Он просто стоял рядом и смотрел на нее как на постороннего человека. Как на происшествие. Как на очередной документ, который нужно оформить и передать дальше.
Зинаида Павловна подняла глаза.
И встретилась с ним взглядом.
Потом вдруг тихо, хрипло сказала:
— Ничего, сынок. Ничего. Всё пройдет.
Он дернулся, будто его ударили.
— Я не… — начал он.
И замолчал.
Вокруг стало так тихо, что было слышно, как где-то внизу хлопнула дверь. Люди переглядывались. Кто-то уже всё понял. Кто-то шептался.
Молодая секретарша смотрела на Александра Викторовича иначе. В ее глазах появилось что-то новое. Не страх. Не уважение. Что-то гораздо тяжелее.
— Александр Викторович, — тихо сказала она. — Это же… ваша мама.
Он молчал.
— Ваша мама, — повторила она уже громче. — Вы что, не узнали?
— Я… — он провел языком по пересохшим губам. — Я… Да. Конечно. Мама. Я просто… Я был занят. Я…
— Скорая приехала! — крикнул кто-то снизу.
Санитары быстро поднялись по лестнице.

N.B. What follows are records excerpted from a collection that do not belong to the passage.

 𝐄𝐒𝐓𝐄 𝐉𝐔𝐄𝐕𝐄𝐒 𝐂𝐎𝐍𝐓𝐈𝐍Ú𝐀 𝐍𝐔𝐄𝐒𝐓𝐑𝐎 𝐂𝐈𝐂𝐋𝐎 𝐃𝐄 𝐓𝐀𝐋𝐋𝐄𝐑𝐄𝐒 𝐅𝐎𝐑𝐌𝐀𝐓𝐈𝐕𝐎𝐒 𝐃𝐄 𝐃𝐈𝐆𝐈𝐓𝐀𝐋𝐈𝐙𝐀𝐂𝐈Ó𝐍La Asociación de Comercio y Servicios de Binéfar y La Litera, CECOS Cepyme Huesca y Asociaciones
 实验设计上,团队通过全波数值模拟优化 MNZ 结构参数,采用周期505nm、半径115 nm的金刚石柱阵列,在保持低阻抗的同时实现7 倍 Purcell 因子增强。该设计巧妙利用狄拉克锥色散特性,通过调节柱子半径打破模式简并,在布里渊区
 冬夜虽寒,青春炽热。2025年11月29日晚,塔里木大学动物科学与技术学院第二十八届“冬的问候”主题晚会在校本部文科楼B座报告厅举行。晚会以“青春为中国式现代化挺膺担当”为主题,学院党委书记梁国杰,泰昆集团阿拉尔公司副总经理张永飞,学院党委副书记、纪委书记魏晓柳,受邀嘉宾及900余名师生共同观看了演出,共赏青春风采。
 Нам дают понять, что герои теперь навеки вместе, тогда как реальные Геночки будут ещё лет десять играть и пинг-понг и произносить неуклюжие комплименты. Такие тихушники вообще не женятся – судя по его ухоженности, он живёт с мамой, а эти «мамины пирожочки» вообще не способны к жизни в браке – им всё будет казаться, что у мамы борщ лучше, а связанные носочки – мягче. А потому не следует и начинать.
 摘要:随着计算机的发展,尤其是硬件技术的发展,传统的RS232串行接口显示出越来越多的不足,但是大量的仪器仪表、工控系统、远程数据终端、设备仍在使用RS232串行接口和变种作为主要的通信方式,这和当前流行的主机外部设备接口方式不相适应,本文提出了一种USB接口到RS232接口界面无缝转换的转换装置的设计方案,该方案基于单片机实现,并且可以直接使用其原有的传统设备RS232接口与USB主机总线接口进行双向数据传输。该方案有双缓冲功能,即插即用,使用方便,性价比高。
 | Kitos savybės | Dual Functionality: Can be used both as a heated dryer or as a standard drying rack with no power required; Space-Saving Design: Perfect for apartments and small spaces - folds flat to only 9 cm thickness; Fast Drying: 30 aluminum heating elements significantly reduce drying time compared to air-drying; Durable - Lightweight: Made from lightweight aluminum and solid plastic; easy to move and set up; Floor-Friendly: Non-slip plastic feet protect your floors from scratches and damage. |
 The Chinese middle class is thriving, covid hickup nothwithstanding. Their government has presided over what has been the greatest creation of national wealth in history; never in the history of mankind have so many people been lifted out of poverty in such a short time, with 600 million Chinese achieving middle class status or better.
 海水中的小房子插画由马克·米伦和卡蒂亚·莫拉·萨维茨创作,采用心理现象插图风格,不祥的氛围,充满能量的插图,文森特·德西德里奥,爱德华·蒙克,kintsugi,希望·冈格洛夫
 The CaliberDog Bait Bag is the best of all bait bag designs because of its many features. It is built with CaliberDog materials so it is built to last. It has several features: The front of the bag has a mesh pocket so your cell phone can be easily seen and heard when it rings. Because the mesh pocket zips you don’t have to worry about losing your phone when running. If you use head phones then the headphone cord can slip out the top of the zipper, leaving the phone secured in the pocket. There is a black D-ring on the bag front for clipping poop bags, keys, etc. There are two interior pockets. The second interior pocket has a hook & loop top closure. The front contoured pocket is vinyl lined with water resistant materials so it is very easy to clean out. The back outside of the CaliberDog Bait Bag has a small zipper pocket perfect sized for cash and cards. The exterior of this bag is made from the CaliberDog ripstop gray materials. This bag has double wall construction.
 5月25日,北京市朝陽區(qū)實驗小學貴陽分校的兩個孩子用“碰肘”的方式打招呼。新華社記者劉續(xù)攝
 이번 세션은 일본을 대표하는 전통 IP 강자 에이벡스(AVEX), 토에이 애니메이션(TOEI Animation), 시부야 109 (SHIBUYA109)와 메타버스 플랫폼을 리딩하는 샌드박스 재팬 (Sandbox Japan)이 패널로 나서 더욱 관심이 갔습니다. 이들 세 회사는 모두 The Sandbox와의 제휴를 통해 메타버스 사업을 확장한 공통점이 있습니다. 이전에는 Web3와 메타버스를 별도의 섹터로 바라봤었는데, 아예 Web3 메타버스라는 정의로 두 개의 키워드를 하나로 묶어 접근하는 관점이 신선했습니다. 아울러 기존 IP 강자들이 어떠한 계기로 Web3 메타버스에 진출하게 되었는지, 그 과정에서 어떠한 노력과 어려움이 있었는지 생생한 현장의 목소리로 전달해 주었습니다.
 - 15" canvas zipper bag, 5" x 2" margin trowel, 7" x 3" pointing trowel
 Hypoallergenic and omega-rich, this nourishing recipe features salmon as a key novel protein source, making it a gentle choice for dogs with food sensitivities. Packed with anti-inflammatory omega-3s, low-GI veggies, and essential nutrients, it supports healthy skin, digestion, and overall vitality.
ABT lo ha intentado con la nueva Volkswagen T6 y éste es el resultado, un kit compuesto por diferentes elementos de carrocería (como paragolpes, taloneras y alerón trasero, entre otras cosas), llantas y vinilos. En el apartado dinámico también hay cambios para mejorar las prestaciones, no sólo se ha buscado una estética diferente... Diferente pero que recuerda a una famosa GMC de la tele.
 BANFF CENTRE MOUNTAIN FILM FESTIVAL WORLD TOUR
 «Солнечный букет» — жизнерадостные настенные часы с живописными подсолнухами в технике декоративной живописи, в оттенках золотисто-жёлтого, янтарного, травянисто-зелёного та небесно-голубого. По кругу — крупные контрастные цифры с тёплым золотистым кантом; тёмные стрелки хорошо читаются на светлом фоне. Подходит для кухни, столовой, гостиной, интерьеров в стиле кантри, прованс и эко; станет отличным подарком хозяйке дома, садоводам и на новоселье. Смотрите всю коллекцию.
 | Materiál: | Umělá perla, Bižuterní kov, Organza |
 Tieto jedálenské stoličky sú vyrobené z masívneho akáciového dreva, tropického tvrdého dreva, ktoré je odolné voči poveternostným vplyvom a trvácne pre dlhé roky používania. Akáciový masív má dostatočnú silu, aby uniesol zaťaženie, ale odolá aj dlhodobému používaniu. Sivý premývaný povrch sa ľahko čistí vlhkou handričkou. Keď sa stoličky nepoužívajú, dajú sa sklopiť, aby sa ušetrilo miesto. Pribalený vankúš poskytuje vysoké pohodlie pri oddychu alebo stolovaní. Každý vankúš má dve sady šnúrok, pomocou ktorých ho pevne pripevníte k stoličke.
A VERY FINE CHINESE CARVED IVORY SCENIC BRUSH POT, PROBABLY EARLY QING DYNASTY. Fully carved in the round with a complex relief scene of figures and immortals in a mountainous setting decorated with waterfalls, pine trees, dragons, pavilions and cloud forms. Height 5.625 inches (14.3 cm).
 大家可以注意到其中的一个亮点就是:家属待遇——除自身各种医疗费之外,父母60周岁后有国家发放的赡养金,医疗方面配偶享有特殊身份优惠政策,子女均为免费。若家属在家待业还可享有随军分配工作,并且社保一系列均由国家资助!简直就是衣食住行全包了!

Осторожно переложили Зинаиду Павловну на носилки.
Она не стонала.
Не жаловалась.
Только смотрела на сына.
И в этом взгляде было всё.
Его первые шаги.
Первое слово.
Первый букварь.
Первый костюм.
Университет.
Диплом.
Вся ее жизнь, сложенная к его ногам.
— Сынок… — прошептала она. — Ты не переживай. Всё хорошо. Я сама. Я ведь всегда сама.
И носилки понесли вниз.
В больнице подтвердили перелом.
Сложный.
Шейка бедра.
Зинаида Павловна лежала в палате на четверых. Рядом храпели старухи, пахло лекарствами, бинтами и больничной едой. За окном висело серое небо, а у стекла чернели голые ветви березы.
Сын пришел только на третий день.
Вечером, когда в палате стало тише.
Он остановился в дверях и долго мялся, будто не знал, имеет ли право войти.
— Можно?
— Заходи.
Он сел на край стула.
Смотрел в пол.
Молчал.
— Ты чего такой? — спросила она. — Что-то случилось?
Он с трудом поднял голову.
— Мама… Я тогда, на лестнице… Я не хотел. Я просто растерялся.
— Растерялся, — повторила она тихо. — Двенадцать лет ходил мимо меня по коридору и не здоровался. Это тоже растерялся?
Он молчал. Только желваки двигались на скулах.
— Я ведь не прошу, чтобы ты при всех меня мамой называл, — продолжила она. — Не прошу. Я понимаю. Ты человек важный. Должность. Положение. А я кто? Уборщица. С ведром и тряпкой. Стыдно.
— Мам…
— Подожди. Я еще не всё сказала. Ты думаешь, я не понимала, почему ты не здоровался? Понимала. Ты стыдился. Думал, мать с тряпкой — это позор. А знаешь, Саша, я ведь тоже стыдилась.
Он резко поднял глаза.
— Чего?
— Тебя.
Он побледнел.
— Стыдилась, что вырастила сына, который боится собственной матери в глаза посмотреть. Который проходит мимо и делает вид, что не видит. Будто слепой. Я всё ждала: может, когда-нибудь прозреет. Может, поймет, что дело не в костюме и не в должности. Дело в душе.
— Мама…
— Я люблю тебя, Саша. Всегда любила. И сейчас люблю. Но ты трус. И это страшнее всего. Не для меня даже. Для тебя. Потому что трусость изнутри сжигает. Медленно, но верно.
Он сидел неподвижно.
Потом вдруг медленно опустился на колени прямо на больничный пол. В дорогом костюме, в начищенных ботинках.
Уткнулся лицом в ее одеяло.
И заплакал.
— Прости меня, мама…
Она положила ладонь ему на голову.
Погладила, как когда-то в детстве.
— Бог простит. И я прощаю. Только поздно, Саша. Поздно.
Он поднял лицо.
— Почему поздно?
— Потому что я старая. И ты уже не мальчик. А двенадцать лет не вернуть. Их больше нет. Они прошли мимо. Так же, как ты проходил мимо меня. Понимаешь?
Он понимал.
В понедельник он вышел на работу.
В том же костюме.
С тем же галстуком.
Но что-то в нем уже надломилось. Внутри появилась трещина.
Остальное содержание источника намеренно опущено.